Publication No. CN 211515872U-a fin tube outer fin processing device is provided with a supporting ejector rod and two guide rods, the supporting ejector rod is inserted and sleeved at the left end of a tube, a T-shaped plate is pushed to move when the tube moves, and the tube is ensured to stably move under the action of the two guide rods. The guide rod is arranged in the base in a penetrating way, so that friction force between the guide rod and the base becomes one of resistances affecting discharging of the pipe from the roller assembly, and the resistance is also one of factors affecting machining precision of external threads of the pipe by the roller assembly. The synchronous rollback mode is continuous in limitation on the pipe, but the friction force between the guide rod and the base is influenced by various factors such as the moving speed, the abrasion condition and the gravity center moving position of the guide rod, particularly when high-precision pipes are processed, the processing precision of the pipes is difficult to control stably, and meanwhile, the abrasion of pipe processing equipment is accelerated due to the existence of resistance.

Disclosure of Invention

Aiming at the problems in the prior art, the invention provides a guiding device and a guiding method for guiding a pipe to rotate and discharge, and aims to synchronously retract along with the pipe and continuously limit the pipe, and the guiding device keeps a small and stable resistance to the pipe.

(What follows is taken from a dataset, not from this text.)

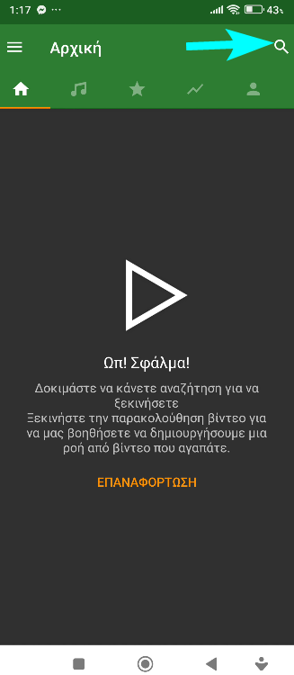 Μόλις τρέξουμε το YMusic για πρώτη φορά, ίσως δούμε ένα σφάλμα στην αρχική οθόνη του. Αυτό οφείλεται στο ότι δεν έχουμε κάνει ακόμη την πρώτη μας αναζήτηση κομματιών. Μόλις αναζητήσουμε κάποιο κομμάτι δεν θα το ξαναδούμε.
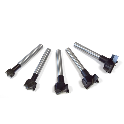 Tělo je z pevnostní oceli s připájenými tvrdokovovými břity.Jeden středící hrot a dva předřezové hroty.5-dílná sada: D 15 - 20 - 25 - 30 - 35 mm.• Stopka: S=10 mm• Celková délka: L=90 mm

The guiding device for guiding the pipe to rotate and discharge comprises a moving part which moves along a horizontal straight line, a sliding part is arranged on the moving part in a sliding manner along the moving direction of the moving part, a joint for sleeving the pipe is rotatably arranged at the tail end of the sliding part, a rotating shaft of the joint is arranged in parallel with the moving direction of the moving part, and a compression spring is arranged between the sliding part and the moving part and is used for generating damping force when the sliding part and the moving part generate relative displacement; the sliding part is provided with a displacement monitor which is used for monitoring the relative displacement generated by the sliding part relative to the moving part.

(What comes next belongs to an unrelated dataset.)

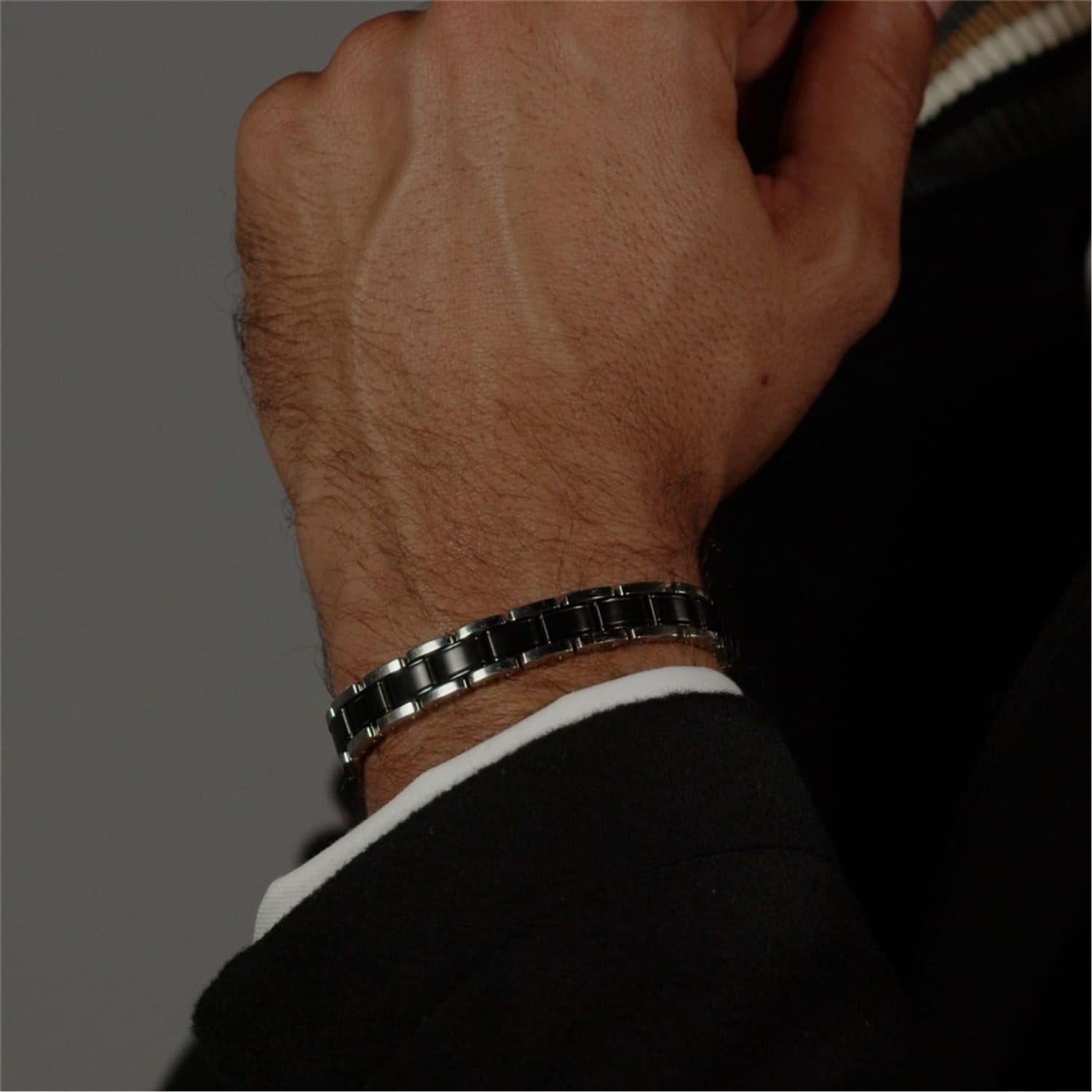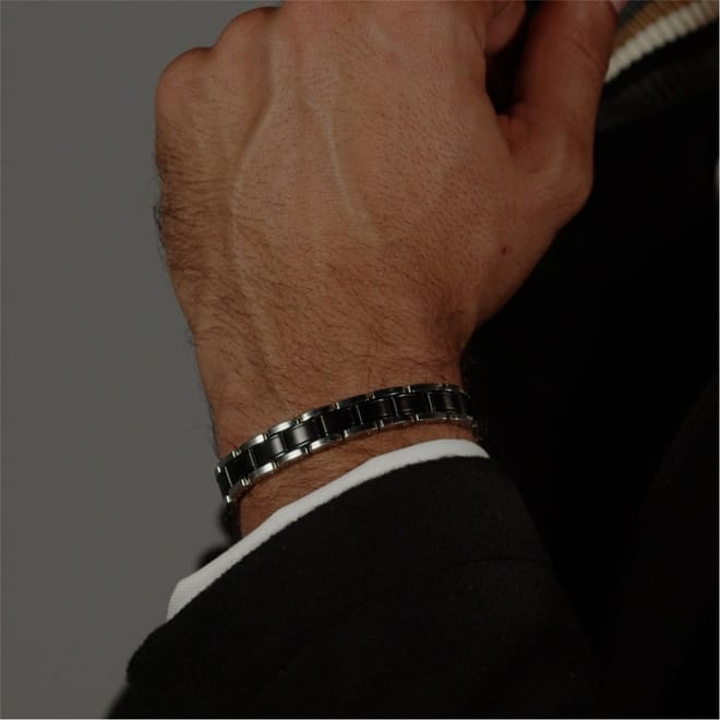 BOSS gents bracelet from the Metal Link Essentials collection. Stainless steel and black IP bracelet with magnetic closure. Inner circumference 200 mm.

The method further comprises the following steps: the moving part is a base, the sliding part arranged on the base is a sliding seat, the compression spring is clamped between the base and the sliding seat through fixing plates which are oppositely arranged, two ends of the compression spring are respectively connected with the corresponding fixing plates, and the displacement monitor is positioned on the base and in front of the sliding seat.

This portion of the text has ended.